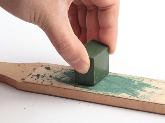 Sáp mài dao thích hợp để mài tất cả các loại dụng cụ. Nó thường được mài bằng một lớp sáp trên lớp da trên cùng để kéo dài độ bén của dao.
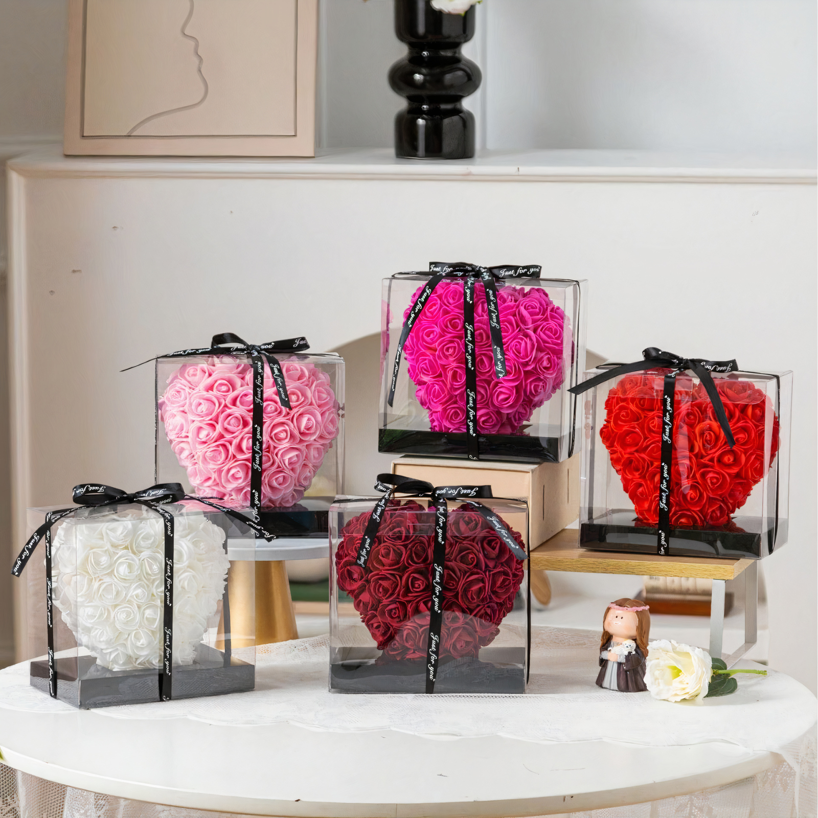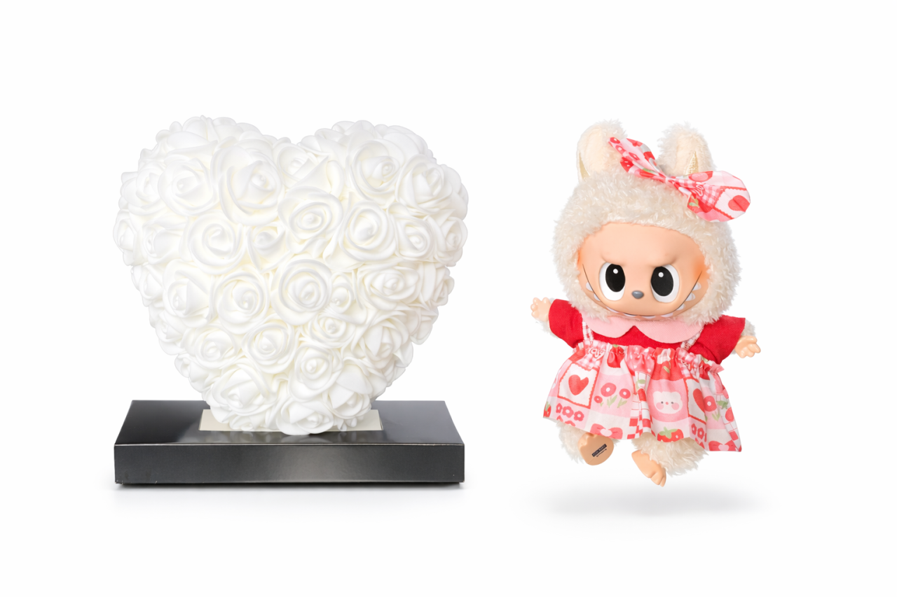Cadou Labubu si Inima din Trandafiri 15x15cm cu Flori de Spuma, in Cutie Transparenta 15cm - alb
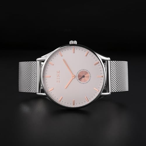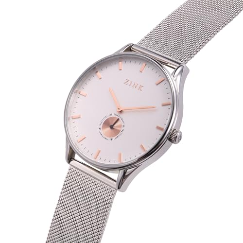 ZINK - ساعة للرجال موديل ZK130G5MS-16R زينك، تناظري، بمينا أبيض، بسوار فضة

[Exercise goal]:
With pictures left out, print the lines of the material above from the line containing "Cadou Labubu si" through its last line, exactly and nothing more.

[Answer section]:
Cadou Labubu si Inima din Trandafiri 15x15cm cu Flori de Spuma, in Cutie Transparenta 15cm - alb
 ZINK - ساعة للرجال موديل ZK130G5MS-16R زينك، تناظري، بمينا أبيض، بسوار فضة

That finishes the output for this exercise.